The new Reform Requirements for Long-Term Care Facilities rule, announced in late September, would impact more than 1.5 million residents at 15,000 nursing home and long-term care facilities nationwide. One of the major provisions of the new rule gets rid of forced arbitration clauses in nursing home contracts. The rule was slated to go into effect on November 29, 2016, but was blocked by a federal judge following industry lawsuit filings.

The nursing home reform requirements included a host of new requirements, ranging from a prohibition on hiring employees with a disciplinary action on their license as a result of nursing home abuse, to a host of new quality of care provisions. However, the focus of the lawsuit was on a rule that targets pre-dispute arbitration clauses found in many contracts, which require residents and families to waive their ability to pursue a lawsuit for nursing home neglect injuries through the court system.

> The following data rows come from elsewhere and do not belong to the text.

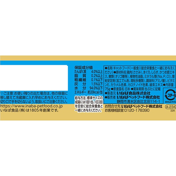 鶏肉(ささみ)、まぐろ、しらす、かつお節エキス、糖類(オリゴ糖等)、植物性油脂、ミネラル類(Na、P、Cl)、増粘安定剤(加工でん粉、増粘多糖類)、調味料(アミノ酸)、ビタミンE、カラメル色素、カロテノイド色素、緑茶エキス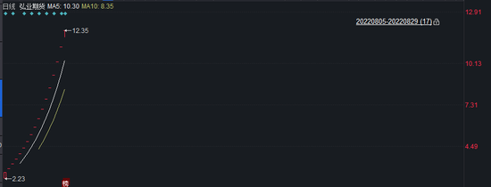 短短半个多月股价暴涨5倍多,弘业期货成为今年以来最牛新股。8月5日上市时,发行价为1.86元,至今股价涨幅高达564%。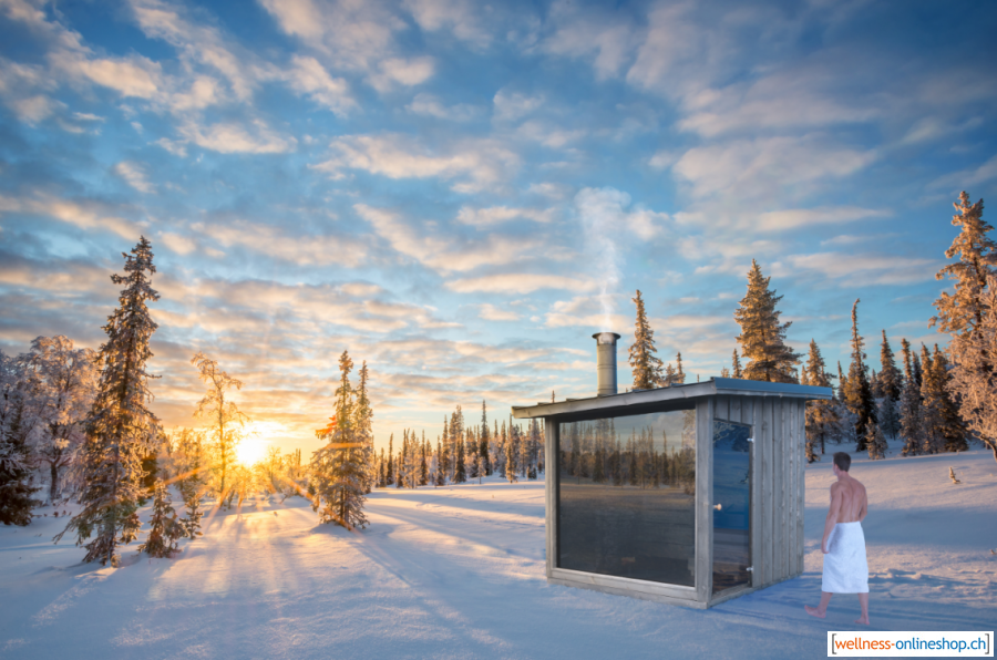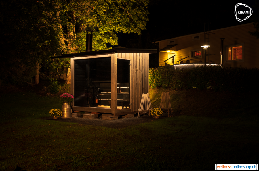 Die Kirami FinVision -sauna ist ein Musterbeispiel für das Ergebnis qualitativ hochwertiger Handwerksarbeit. Die fertig oberflächenbehandelte Sauna wird aus zugesägtem Nadelholz und Fichtenfurnierholz gefertigt. Im Inneren der Sauna herrscht eine gemütliche Atmosphäre, die jeden Entspannungssuchenden in ihren Bann zieht. Dank der grossen Glasflächen kommt auch die Natur ganz nah an Sie heran.Die Sauna ist geräumig, aber dennoch kompakt in der Grösse. Sie hat eine Grundfläche von 5,3 Quadratmetern und eine Höhe von etwas mehr als 2,6 Metern. Die Sauna ist für 4-6 Personen ausgelegt und damit ideal für kleine und grosse Gruppen.Die hellgrauen Bänke und die dunklen Innenwände bilden einen schönen Kontrast zueinander. Die Saunabänke können zur Reinigung und Pflege leicht herausgehoben werden. Die LED-Beleuchtung unter den Bänken trägt zur stimmungsvollen Atmosphäre der Sauna bei.Das grosse Fenster verleiht der Sauna ein Gefühl von Grosszügigkeit und Weite. Es handelt sich dabei um rauchgraues, gehärtetes Thermoglas, das die Energieeffizienz der Sauna verbessert. Die im Stil des Fensters getönte Glastür ist mit einem Magnetverschluss ausgestattet, der ein leichtgängiges Öffnen und Schliessen der Tür ermöglicht und diese fest verschliesst. Der runde Griff ist aus Thujaholz gefertigt und trägt das Kirami-Logo. Die Tür befindet sich standardmässig auf der rechten Seite der Sauna und öffnet rechtsseitig. Die Tür kann auch spiegelbildlich auf die linke Seite der Sauna gewechselt werden mit einer entsprechend linksseitigen Öffnung. Diese Sonderwünsche müssen bei der Bestellung der Sauna gesondert angegeben werden.
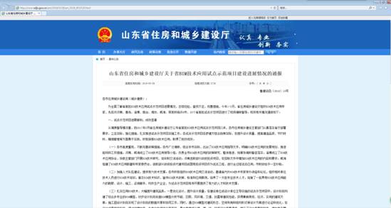 Notice from Shandong housing and urban rural development department on BIM application of fengluyuan

The other aspects of the reform rule have been placed on hold for review.

Forced arbitration, also known as pre-dispute arbitration clauses, are commonly found in credit card agreements, loan paperwork, mobile wireless contracts, nursing home entrance agreements and other circumstances, often placing consumers are placed in a position where they have no alternative but to waive their right to go to court in order to obtain services.

Critics have long opposed forced arbitration clauses, indicating that they place consumers in a position where they are unable to negotiate and must sign the agreement to obtain critical services. Forced arbitration is generally found to favor nursing homes, powerful financial firms and other industries that require the clauses.